Note - In the command above, we have used quotations around the filename. If you are on Linux or Mac, you can leave out the quotations. Your computer will expand the data/*.mdout into a list of all the files. This will not work on Windows. If you use the apprroach which works for Mac/Linux, you will need find a way for an argument in argparse to be a list for this. See the documentation for the add_argument function - you will find the answer there!

Solution - All operating systems

If you are working on Windows, this is the solution you will need. For this solution, you use quotation marks around the filename, and include the wildcard character (*). Recall that we used this character along with the glob library in the multiple file parsing lesson.

import os
import argparse
import glob

# Get filename from argparse

parser = argparse.ArgumentParser("This script parses amber mdout file to extract the total energy.")
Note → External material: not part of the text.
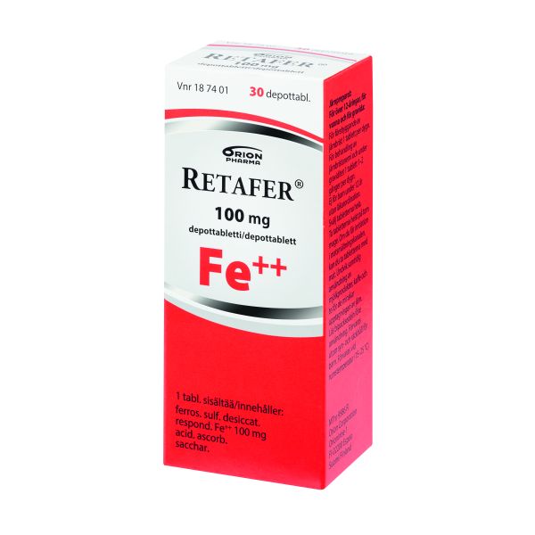 Retafer-depottabletteja käytetään raudanpuuteanemian ehkäisyyn ja hoitoon. Tabletti sisältää myös raudan imeytymistä tehostavaa C-vitamiinia. Kaikki Retafer tuotteet sopivat myös vegaaneille. Suomessa valmistettu.

parser.add_argument("path", help="The filepath of the file to be analyzed.")

args = parser.parse_args()

# Use glob to get a list of the files.
filenames = glob.glob(args.path)

for filename in filenames:

    # Figure out the file name for writing output
    fname = os.path.basename(filename).split('.')[0]

   # Open the file.
   f = open(filename, 'r')

   # Read the data.
   data = f.readlines()

   # Close the file.
   f.close()

   etot = []
   # Loop through lines in the file.
   for line in data:
        # Get information from lines.
        split_line = line.split()

        if 'Etot' in line:
            #print(split_line[2])
            etot.append(f'{split_line[2]}')
     values = etot[:-2]

    # Open a file for writing
    outfile_location = F'{fname}_Etot.txt'
    outfile = open(outfile_location, 'w+')

    for value in values:
        outfile.write(f'{value}\n')

   outfile.close()

Solution - Mac and Linux

This solution will work for Mac and Linux operating systems. For this solution, you would use the script without the quotes (below). Note that the solution given above will work for any operating system.

$ python analyze_mdout.py data/*.mdout

For this solution, you would have to find the option nargs which would be added to add_argument which tells argparse that it may receive more than one value for the argument. This works on Mac and Linux because these operating systems will automatically create a list of files when you use the wildcard character (*).

import os
import argparse

# Get filename from argparse

parser = argparse.ArgumentParser("This script parses amber mdout file to extract the total energy.")

parser.add_argument("path", help="The filepath of the file to be analyzed.", nargs='*')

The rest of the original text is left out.